A Hawaii Supreme Court ruling issued Wednesday has opened the way for a group of University of Hawaii graduate assistants to petition to be classified as public employees with collective bargaining rights.
Members of the UH graduate assistant organization Academic Labor United have argued that the salaried jobs performed by UH’s 1,500 graduate assistants have evolved well beyond that of entry-level “student help” and are critical to the university’s functioning, and that they should be considered public employees with the right to organize.
The group filed a suit in 2021 against the UH Board of Regents, the Hawaii Labor Relations Board and the state, seeking declaratory relief and challenging two state labor board decisions in 1972 that had said in part that a graduate assistant’s primary role at the university is that of a student, not a public employee.
The 2021 case was dismissed by the 1st Circuit Court on jurisdictional grounds, appealed and transferred from the Intermediate Court of Appeals to the state Supreme Court.

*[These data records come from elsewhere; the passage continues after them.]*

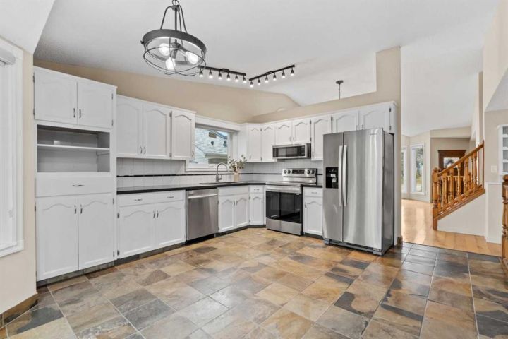 OPEN HOUSE SATURDAY NOVEMBER 1ST, 12-2PM. Welcome home to the beautiful NW community of Macewan. This charming former showhome boasts everything you could wish for, starting with its impeccable curb appeal to a complete transformation. With all of the updates complete, simply move-in and enjoy. New windows and trim (2023), new roof and gutters (2023), new plumbing and all poly b removed (2023), stainless steel appliances, kitchen renovation (2025), bathroom vanities (2025), new carpet (2023), blackout blinds, deck and firepit, storage shed. Ideally situated on a spacious 40-foot wide lot and walking distance to two schools, Simons Valley and Monsignor Neville. As you step inside, you are welcomed by vaulted ceilings and soaring windows creating a bright and open feel. The kitchen has been nicely updated with stainless steel appliances, stone countertops and a new sink. The sunken living room is a cozy retreat, framed by a brick surround wood-burning fireplace, inviting you to relax and unwind in style. The main floor is complete with a home office, spacious bathroom, laundry and an oversized, heated garage with a new overhead door. Heading upstairs, you will find a spacious primary retreat with a walk-in closet and updated ensuite bathroom. Two additional generously sized bedrooms upstairs provide ample space for family members or guests, conveniently sharing a nearby updated main bathroom. The fully finished lower level provides a wonderful area for kids to play or to set up a home theatre/games area. Set with a fourth bedroom and full bathroom, this basement is the perfect set-up. Step outside into the welcoming backyard, where mature trees, a spacious deck and corner firepit area offer a dreamy outdoor space to relax in. Living in Macewan offers an unparalleled lifestyle, with proximity to Nose Hill Park offering endless opportunities for outdoor enthusiasts, including hiking, biking, and running trails. Top-notch schools, playgrounds, and parks are all within the community and walking distance, catering to families of all ages. With a quick 15-minute drive to downtown and easy access to the airport and the mountains, convenience meets comfort in this exceptional home. Welcome home to Macewan perfection!
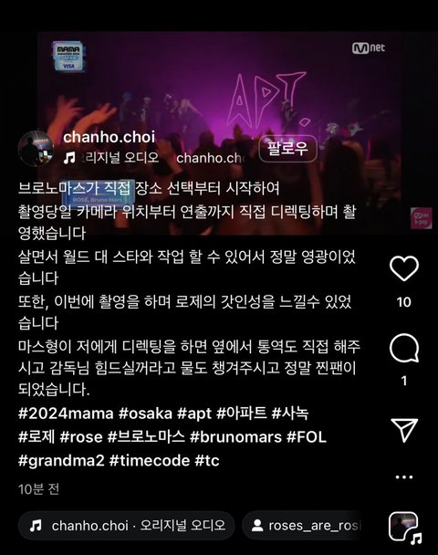 로제랑 브루노마스 나온다고 기대 엄청 하고 마마 본방사수 했을 사람들 꽤 있을 거임
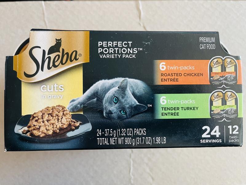 - Sheba Perfect Portions Grain-Free Gourmet Salmon, Sustainable Tuna & Delicate Whitefish & Tuna Cuts in Gravy Variety Pack Adult Wet Cat Food Trays, 2.6-oz, case of 24$22.43 Chewy Price$25.98 List Price$21.31 Autoship PricePromo, New Customers Only: Spend $49+, Get $20 eGift Card
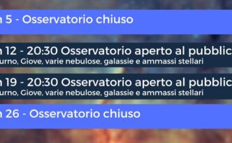 Ecco il calendario delle aperture dell’Osservatorio Astronomico di Piadera per il mese di Dicembre 2025. Gli oggetti da vedere sono moltissimi: ancora …
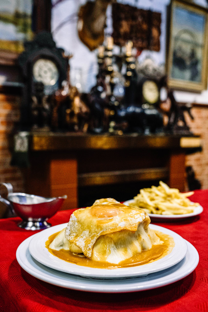 Na sala mais ampla do Café S. João, os olhos comem primeiro: há 700 garrafas de vinho junto ao teto, louças, relógios, quadros e outros objetos que refletem a paixão do dono por antiguidades. José António Santos e mais dois filhos conduzem os destinos da casa, que soma 18 anos, cinco deles nas suas mãos. O fundador trabalhou no A. Cunha, que era conhecido pelas francesinhas, também em Canelas (um espaço que, entretanto, se mudou para Ramalde, no Porto); até que criou o próprio negócio, explica José. Como o Café S. João “já tinha a fama da francesinha”, manteve-lhe o nome e o conceito; só fez algumas alterações ao molho, diversificou a oferta e aumentou o espaço.
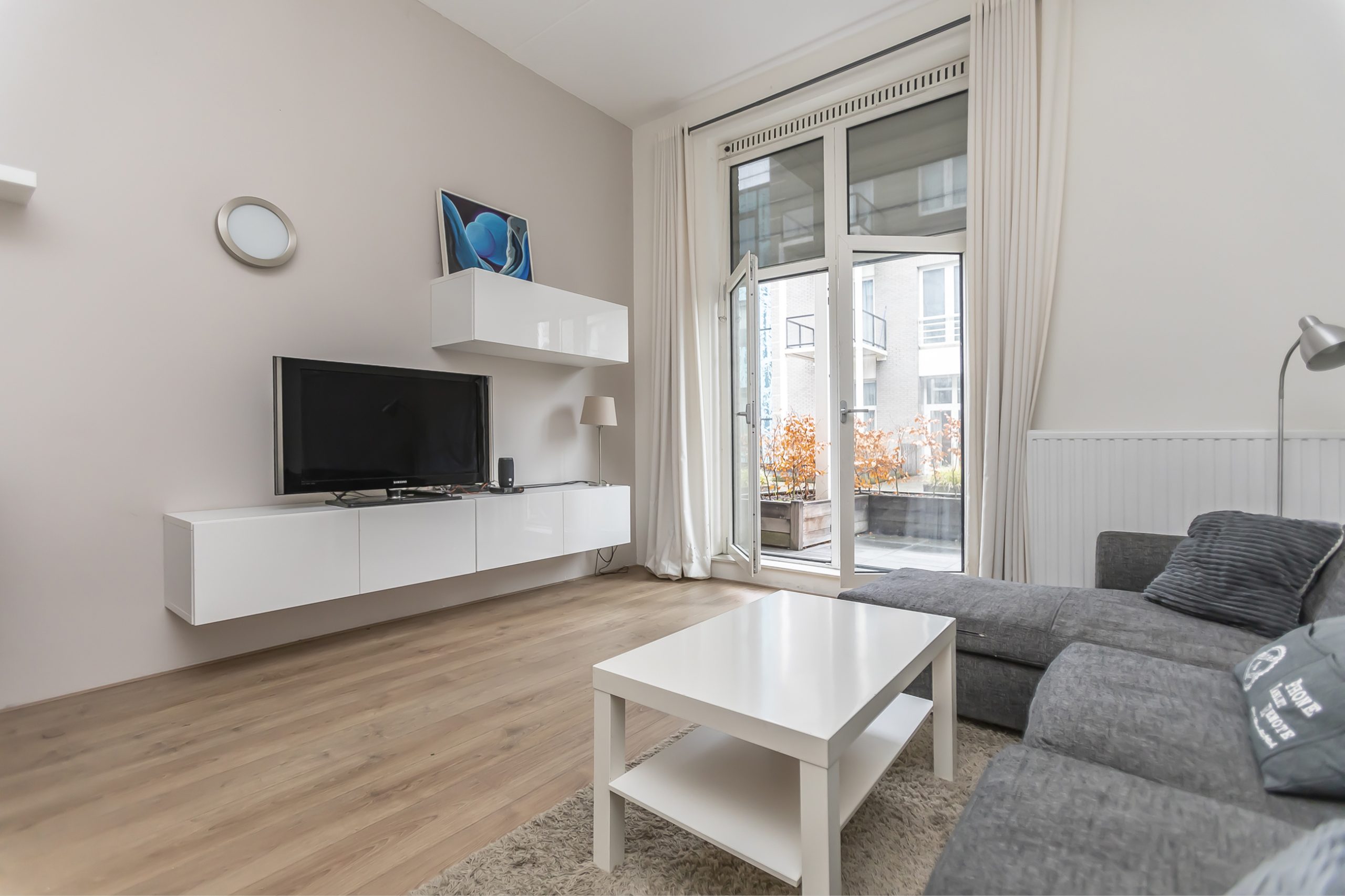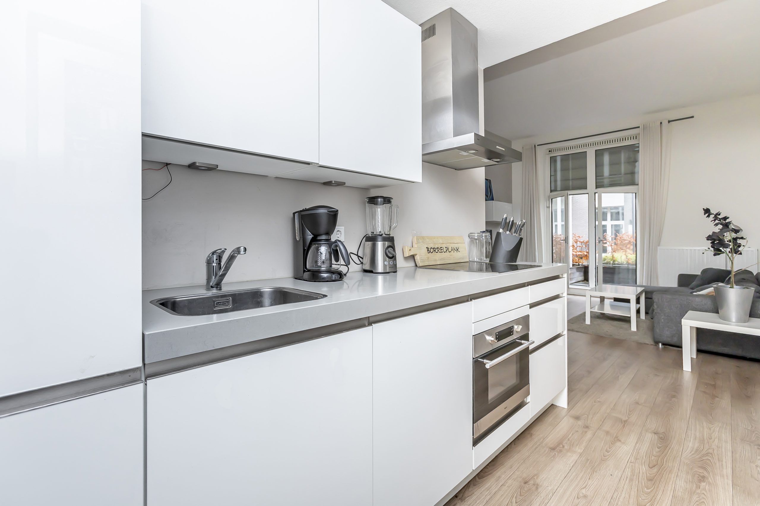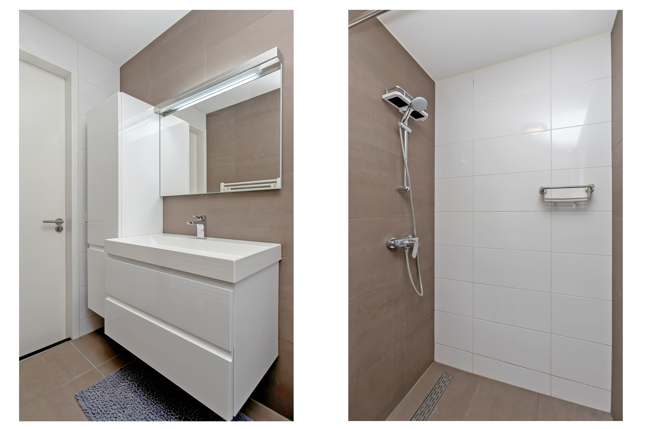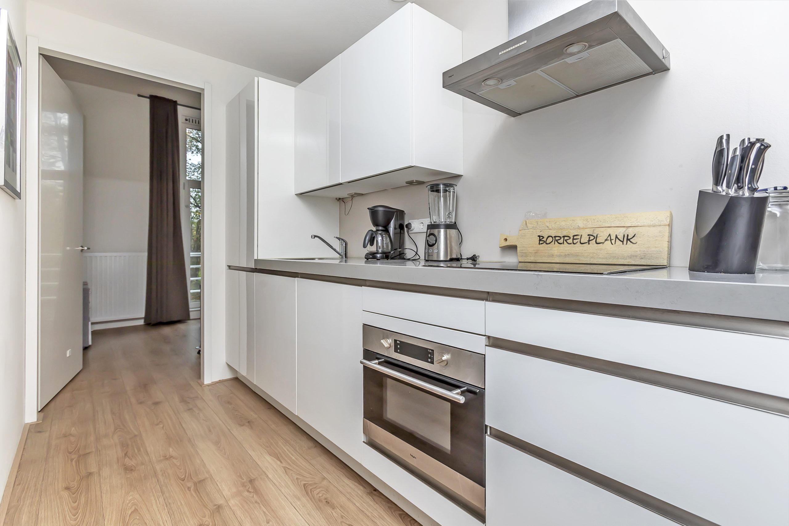 Via entree met intercominstallatie naar centrale hal, entree appartement. Hal. Moderne toiletruimte met fontein. Bergruimte met aansluitingen wasmachine en droger. Woonkamer met toegang tot het terras. Moderne keuken met inbouwapparatuur zoals een combi-oven, inductiekookplaat met afzuigkap, koel-vriescombinatie en vaatwasser. Slaapkamer. Hal. Slaap-/werkkamer. Moderne badkamer met een ruime inloopdouche en wastafelmeubel.
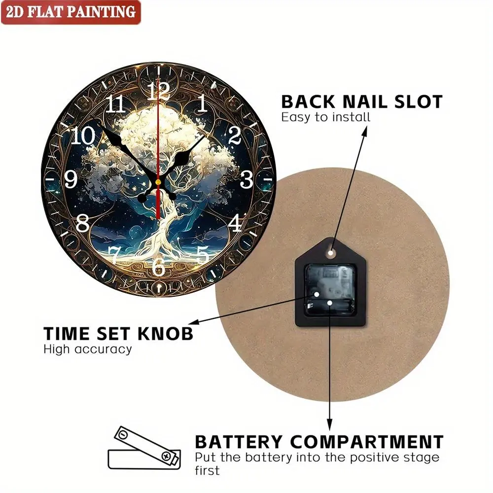 Fantasy Tree Wall Clock. Silent vintage art for home or office decor.

In a 30-page ruling by Chief Justice Mark E. Recktenwald dated Wednesday, the state Supreme Court affirmed a 1st Circuit Court ruling that the labor board’s 1972 findings “are not final rulings on whether ALU and its members are excluded” from being classified as public employees with collective bargaining rights under the Hawaii Constitution and Hawaii Revised Statutes Chapter 89.
The labor board in 1972 had been tasked mainly with deciding whether the graduate students might belong specifically in state bargaining units 7 and 8, Recktenwald wrote.
He also said that Hawaii Administrative Rules permit an organization like ALU to seek a declaratory judgment from the labor board.
Therefore, the issue of whether they could be
included as public employees in another unit, such as unit 13 — “professional and scientific employees, who cannot be included in any of the other bargaining units” — remains open, Recktenwald said, and the graduate student group has not yet “exhausted its administrative remedies.”
UH officials were not immediately available for an interview late Wednesday, but a spokesperson said the university has already worked in recent years with the Graduate Student Organization to improve pay and sick leave policies.
Kawena‘ulaokala Kapahua, chair of Academic
Labor United, said the high court’s ruling affirmed that graduate assistants “should have the ability to petition the labor board for a decision on our collective bargaining rights, and clearly shows they think we have a valid case. They also said that the HLRB has a ‘duty’ to rule on our case as our job duties stand now.”
Kapahua, a plaintiff in the suit, said the organization will next petition the labor board to have graduate assistants recognized as public employees, with the goal of unionizing so that they “can determine their pay and working conditions, as all workers are entitled to.”